I like hearing the ideas nonetheless. Some things might be easier than others, but much of this optimization will take a back seat to get the full automation flow going so I can just press the button for each podcast - which is my first priority.
This is a fun project for me, and as long at remains mostly fun and educational for me, I certainly can make a strong argument to myself for making time for it.
The other person really putting a lot of time into this whole effort is @Sushi. That work is a key element to these animated podcasts, because it provides the critcal data of who is speaking, and the accurate spoken text. He’s edited, cleaned up, and annotated the first 7 podcasts so far. I’m hoping to leverage more of the items he’s added, such as annotations and “best of” highlights, in the animations at some point. I’m guessing he’s put many hours of effort into the transcripts. His effort has certainly inspired me. Hopefully we can get others to help with the podcast transcriptions, including myself.
Actually in the kickstarter, the head of Gary wobbles while talking. But personally, I’d prefer a simple bobbing. Which means of course you should add static shoulders&necks
Ahahah sorry it was love for the work and the effort you put in, nothing personal
Yes, it’s the option that I mentioned in my post. I wonder if providing the text to Rhubarb would also help with the issues at the beginning of the video (but it could also make it worse, because Rhubarb could try to match the first written words with the music audio).

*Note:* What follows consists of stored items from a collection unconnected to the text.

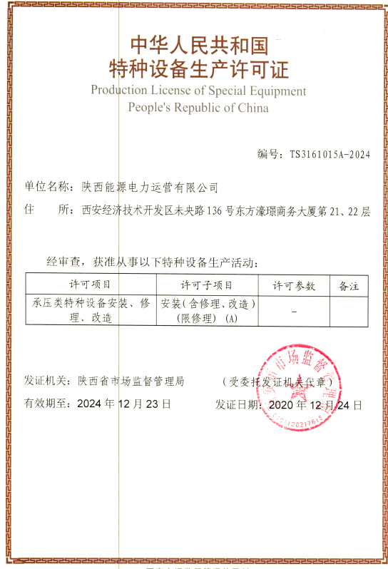 12月25日,从陕西省市场监督管理局传来喜讯,由我公司申请的承压类特种设备安装(限修理)(A)资质成功获批。该资质是目前集团系统电力承压设备检修所取得的最高资质,标志着公司全面具备了参与电力检修市场的资格,必将为企业拓展发展空间、加快市场化改革,打造“能源工匠 品质运营”品牌,提供有力的支撑。
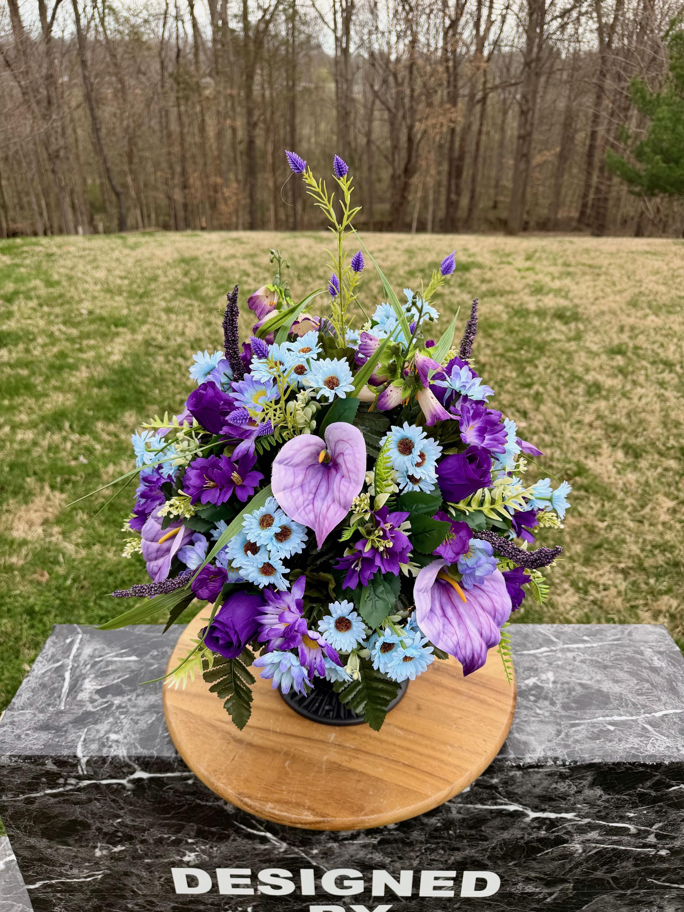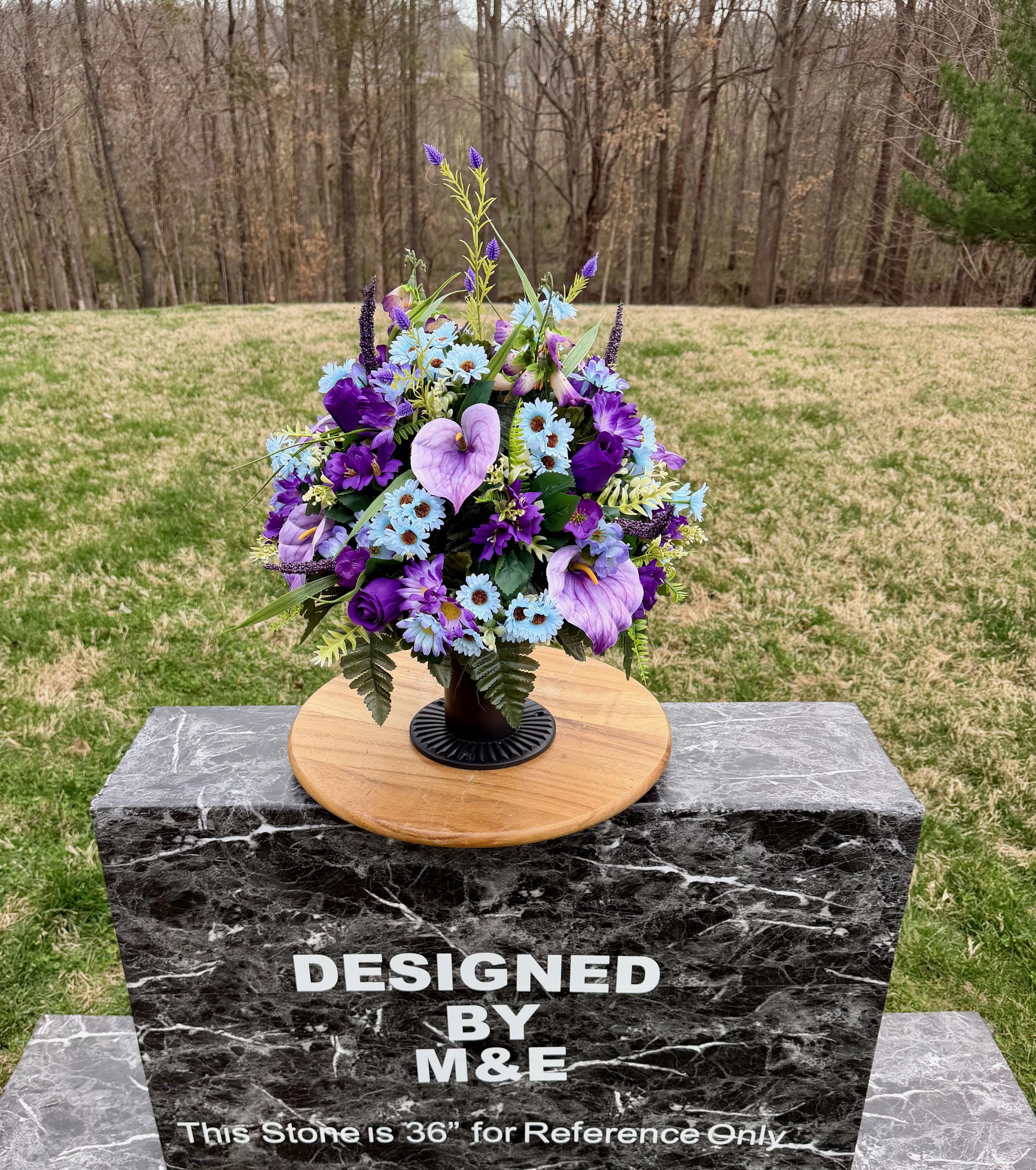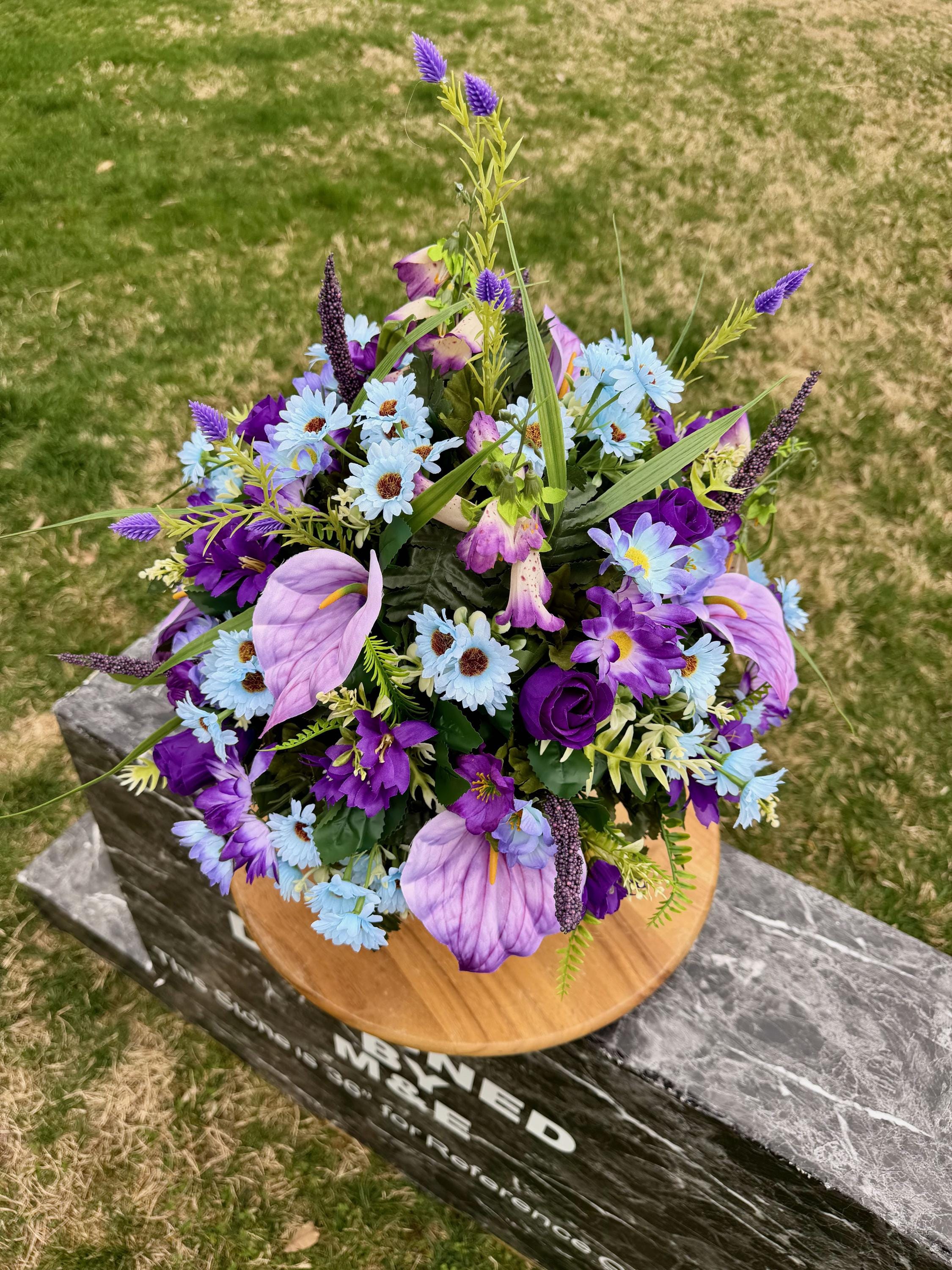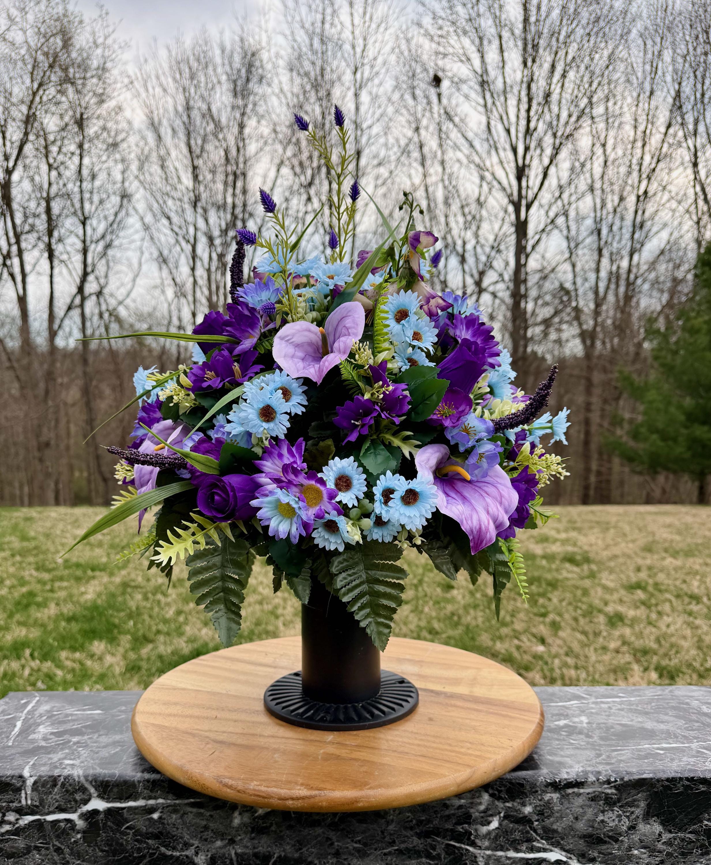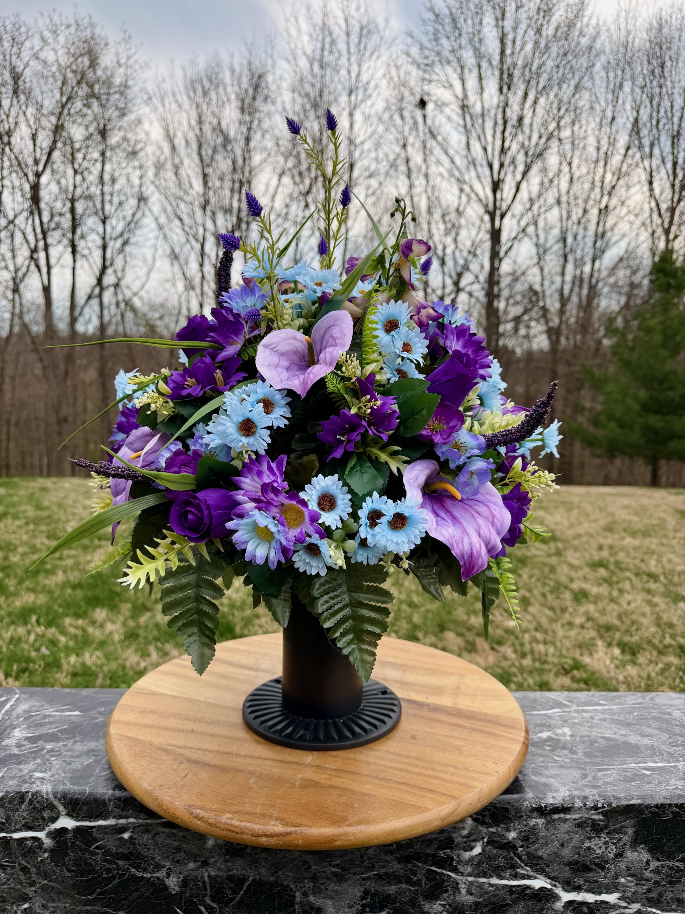 Purple, Violet and Blue Cemetery Vase, Grave Decorations, Memorial Arrangement Flowers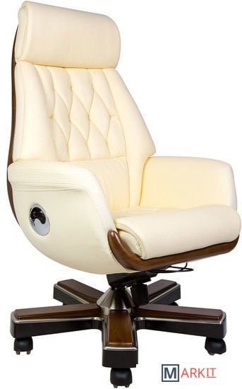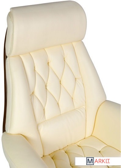 Классическое кресло с простежкой спинки типа «каретная стяжка», выполнено из натуральной кожи высшего качества. Кресло оснащено синхро-механизмом, с фиксацией наклона в любом положении. Вставки из натурального дерева гармонично интегрированы в корпус кресла.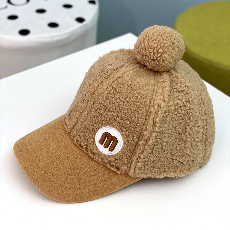 Autumn and winter children's letter M hair ball cap Korean version of the trendy fashion boy lamb velvet hat girls travel to keep warm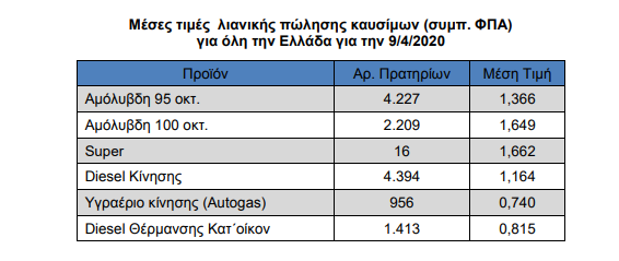 Ακόμα χαμηλότερα έπεσαν οι τιμές των καυσίμων στην Ελλάδα την Πέμπτη 9 Απριλίου.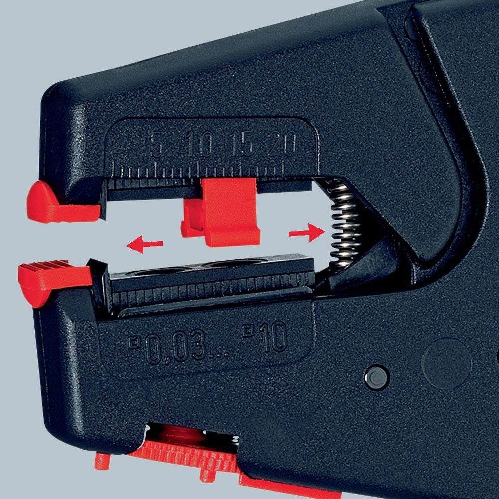 selbsteinstellend · für ein-, mehr- und feindrähtige Leiter mit Kunststoff- oder Gummiisolation · Drahtschneider für Cu- und Al-Leiter mehrdrähtig bis 10 mm² und eindrähtig bis 6 mm² · Messer und Kunststoff-Klemmbacken leicht auswechselbar · Gehäuse: aus glasfaserverstärktem Kunststoff · Messer: Spezial-Werkzeugstahl, ölgehärtet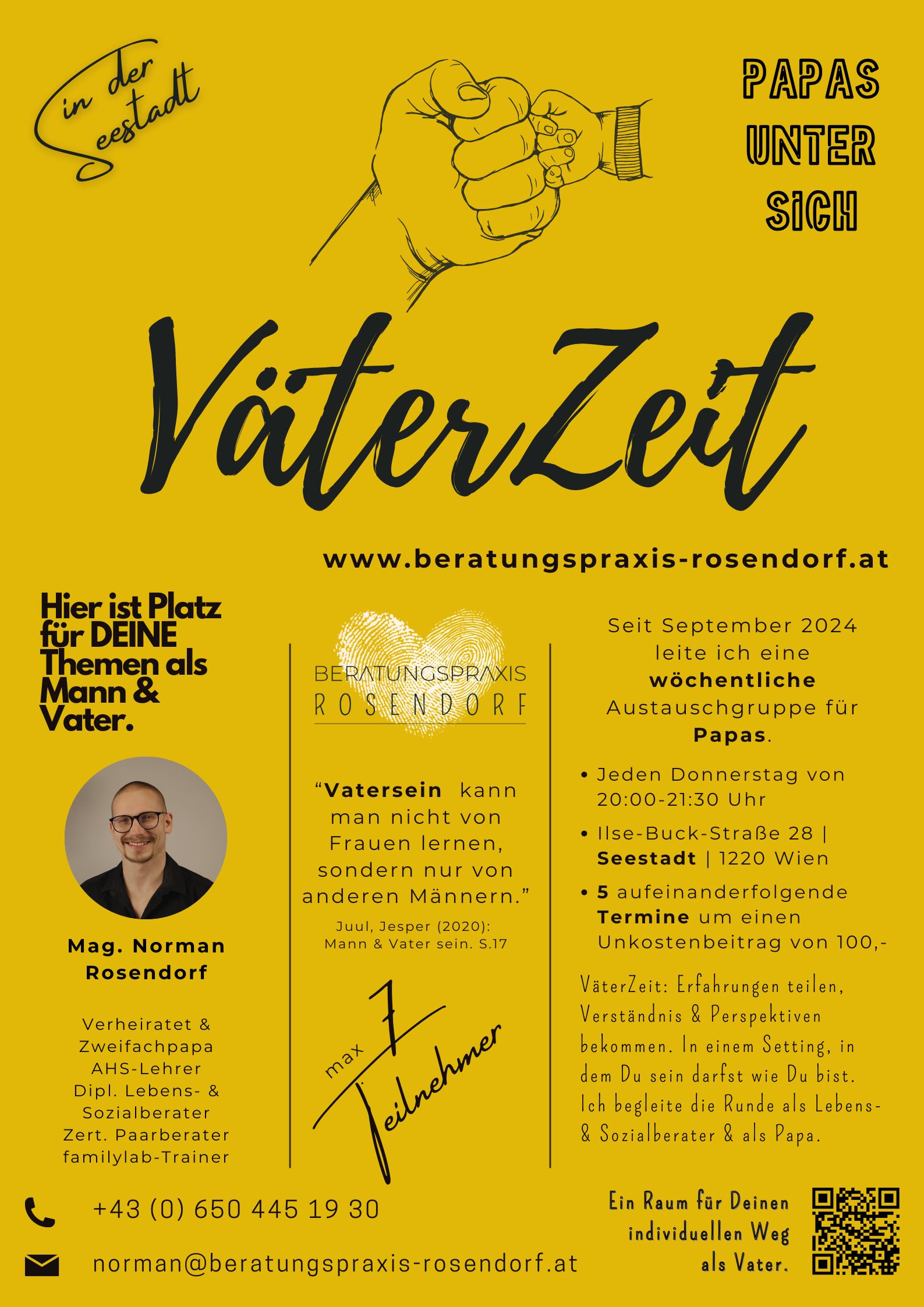 Seit über einem Jahr leitet mein Mann Norman eine Austauschrunde für Papas (VäterZeit) in der Seestadt, also freu ich mich sehr darauf ab Mitte Februar ein ergänzendes Angebot für Mamas anbieten zu können. Für Fragen oder Anmeldungen, melde dich sehr gern bei mir!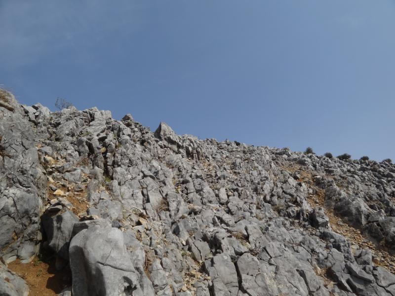 今回も直登で行きましたが、ここは石灰岩の岩が浮石の状態で散らばった急登で、落石注意。高度感があります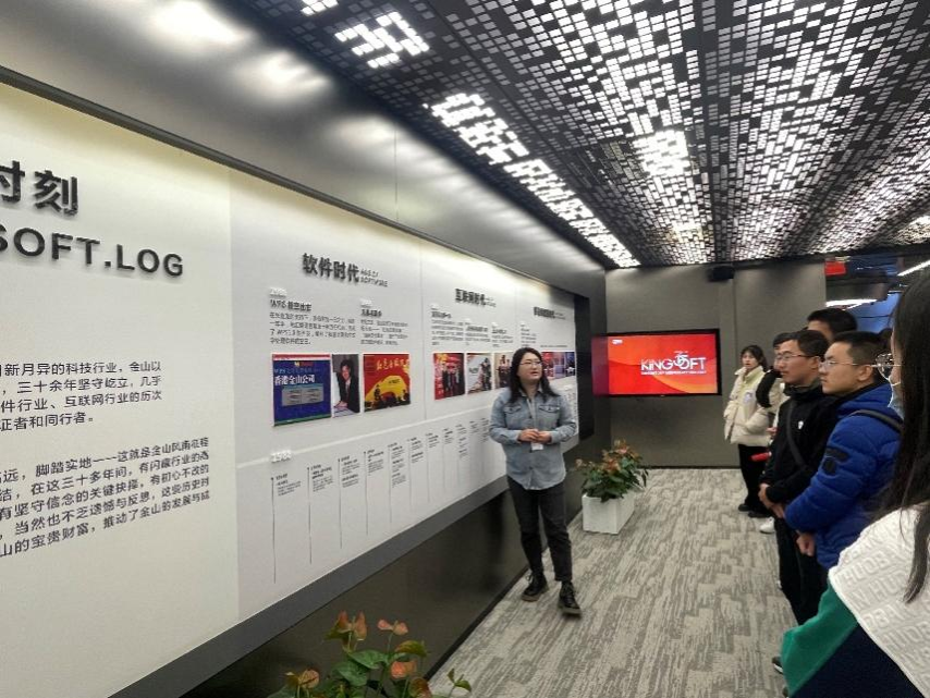 在参观过程中,我了解到了金山办公的企业的几十年发展历程,并在工作人员的介绍下了解到了相关软件的具体运行情况,让我对相关的软件以及新的AI功能有了新的了解,意识到作为一名计算机专业的学生,我们不仅要学好理论知识,还要注重实践能力的培养。金山办公的电影天堂和价值观对于我个人的成长和发展也有着重要的指导意义。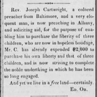 On December 13, 1819, Reverend Cartwright purchased his freedom from a John Rose in Lessburg, Loudoun County, Virginia, with wages earned through a combination of preaching in the local Methodist community, community support, and possibly small payments for his services. After manumission, he dedicated his life to buying the freedom of his wife and children with wages he earned as a travelling preacher. In 1823, he purchased the freedom of his wife, Sussanah (Sucky) Cartwright and his son Alfred Cartwright. Over the next 16 years, he worked as a travelling preacher, raising money to buy the freedom of the rest of his children from different enslavers across Maryland and Virginia. In 1839, he purchased the freedom of his last child, Nora, and manumitted the entire family in that September. Notably, in 1840, he appealed to John Quincy Adams to help free his grandchildren, a meeting Adams recorded in his diary.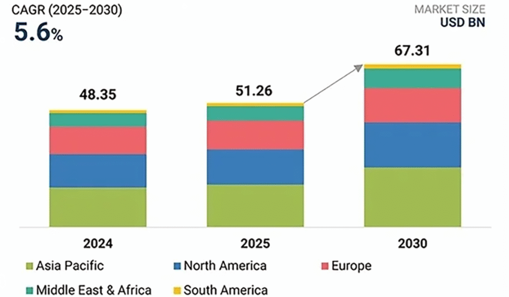 The global commercial refrigeration market is projected to grow from US$ 51.26 billion in 2025 to US$ 67.31 billion by 2030, at a CAGR of 5.6%, according to MarketsandMarkets. Asia Pacific leads market growth, followed by North America and Europe.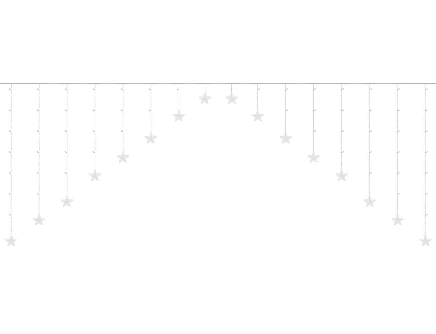 Ozdoba posiada 136 diod LED na 16 wiszących soplach z gwiazdkami. Teraz możesz spokojnie oświetlić okno, drzwi, a nawet furtkę do ogrodu. DO DZIEŁA!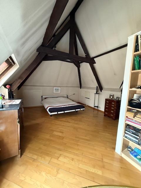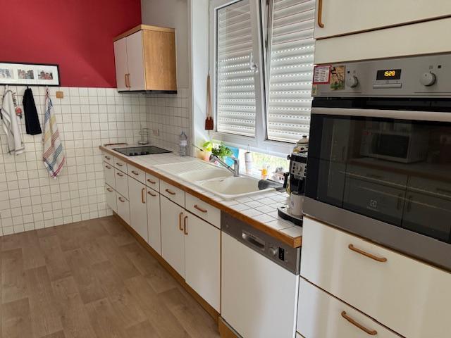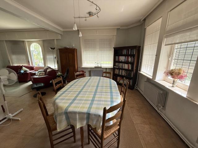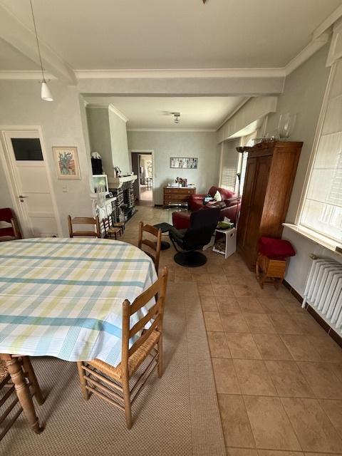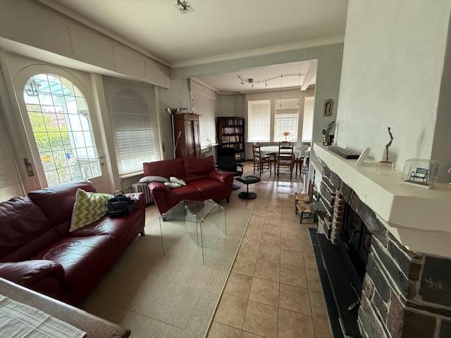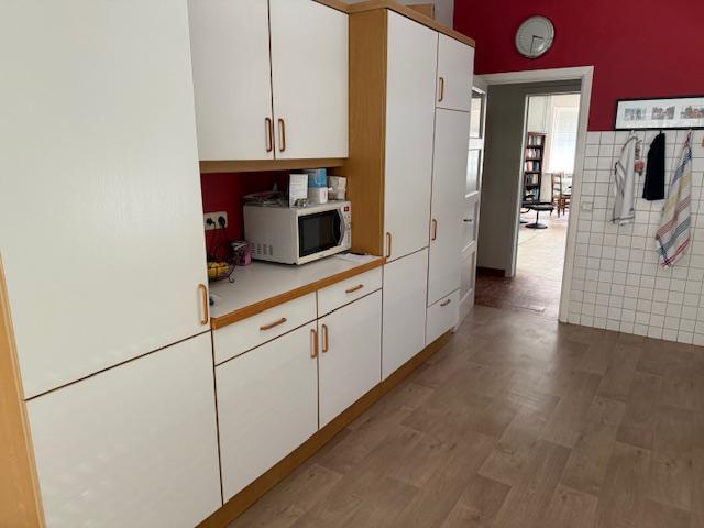 -au rez-de-chaussée: Hall, living (avec feu cassette), grande cuisine équipée (taques électriques, lave-vaisselle, four) avec feu à bois, véranda, une chambre ou bureau, salle-de-bain (douche, baignoire, lavabo), wc

In the weekends, I could help with polishing the captions created by YouTube and attributing the sentences to the correct speakers, but I wouldn’t be able to add interesting notes as Sushi does.
@Sushi : do you think that the kind of activity that I just described could help you in any way?
But the heads would be still static. I’m not sure if this would be worth the effort.
Yes, I agree!
What kind of movements would you like the characters to make?
Like in Monkey Island 2 (the characters “nod” with the head while speaking):
Oh, then I can do that. I could take the “straight” versions of the heads and rotate them, like in MI2.